Pour que les agriculteurs cessent d’être de « parfaits inconnus »

Gabrielle Halpern, philosophe

OPINION. La philosophe Gabrielle Halpern déplore la méconnaissance du travail de la terre, l'instrumentalisation des enjeux agricoles et la réduction du sujet à sa catégorie statistique. Or, le lien qui unit la société et les gens qui la nourrissent dépasse toutes ces dimensions. Affaibli, il doit être renouvelé.

Publié le 27-01-2024 par Gabrielle Halpern, philosophe

« Il est tout de même bizarre que ces hommes qui se sont donné du mal pour fabriquer la nourriture que tu manges, les vêtements que tu portes ou la maison que tu habites, toutes ces choses essentielles pour ta vie, soient tous de parfaits inconnus », écrivait l'auteur japonais Genzaburô Yoshino dans le livre Et vous, comment vivrez-vous ?, publié en 1937. Depuis cette année, la situation s'est-elle vraiment améliorée ? Il semblerait au contraire que ce contact perdu dans la chaîne de valeur perdure et que les blocages actuels des agriculteurs en colère en soient l'un des tristes symptômes.
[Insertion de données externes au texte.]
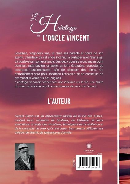 Jonathan, vingt-deux ans, vit chez ses parents et doute de son avenir. L¿héritage de cet oncle inconnu, à partager avec Stanislas, va bouleverser son existence. Les deux cousins n¿ont aucun point commun, mais devront cohabiter en terre étrangère, respecter les conditions testamentaires, afin de disposer des biens. Ce déracinement sera pour Jonathan l¿occasion de se construire en cherchant la vérité sur ses origines. L¿héritage de l¿oncle Vincent est une réflexion sur la vie, une quête de sens, un chemin vers la connaissance de soi et de l¿amour.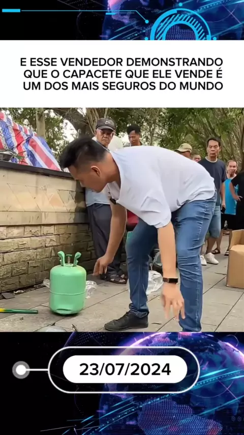 E ESSE VENDEDOR DEMONSTRANDO QUE O CAPACETE QUE ELE VENDE É UM DOS MAIS SEGUROS DO MUNDO #noticias #ultimanoticia #informacoes #News #Capacete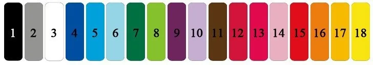 1 Black. 2 gray. 3 white. 4 navy blue. 5. blue. 6 sky blue. 7 dark green. 8 light green. 9 violets. 10. Light purple. 11 brown. 12 burgundy. 13 hot pink.14 soft pink. 15 red. 16 orange. 17 beige. 18 yellow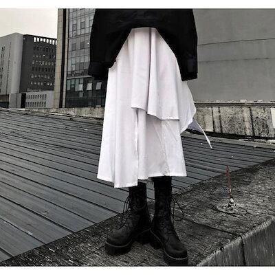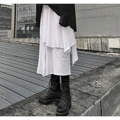 袴パンツ レディース メンズ ワイドパンツ スカート風 韓国 原宿 個性的 モード系 ホワイト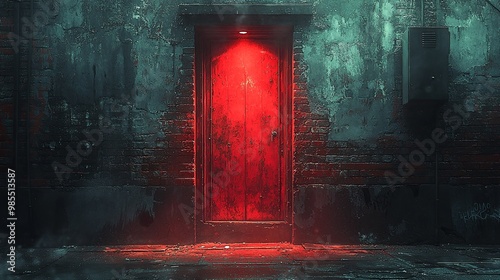 door, red, urban, alley, brick, light, mysterious, fog, entrance, architecture, texture, shadow, wall, city, night, glow, isolation, background, decorative, street, horror, fantasy, design, mystery, old, wooden, weathered, illuminated, single, unique, secret, ominous, scene, building, dark, neon, abandoned, creepy, narrow, surreal, vintage, energy, urban decay, aesthetic, detail, graffiti, surface, perspective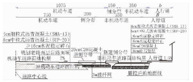 (2)針對拆除側分帶、壓縮非機動車道改建為機動車道段,建議采用 20 cm C20 混凝土進行處理,新舊路基搭接頂面鋪設 3 m 玻纖網防止反射裂縫產生。

En réalité, la crise que nous traversons n'est pas seulement économique, financière, sociale, écologique, institutionnelle, territoriale ou politique ; ce que nous vivons, c'est avant tout une crise de notre rapport à la réalité, comme si les liens avaient été rompus entre la nature et la société, entre les agriculteurs et les consommateurs. Combien d'enfants pensent-ils que les carottes râpées poussent dans les placards ? Il suffit de se rendre au Salon de l'agriculture pour le constater chaque année : si ce salon annuel n'existait pas, beaucoup de gens n'auraient pas vu une vraie vache de leur vie. « Comment donner un sens à sa vie si on ne prête pas attention à son alimentation ? C'est le départ de tout », pour reprendre les mots de Guillaume Gomez, ambassadeur de France pour la gastronomie, l'alimentation et les arts culinaires (1).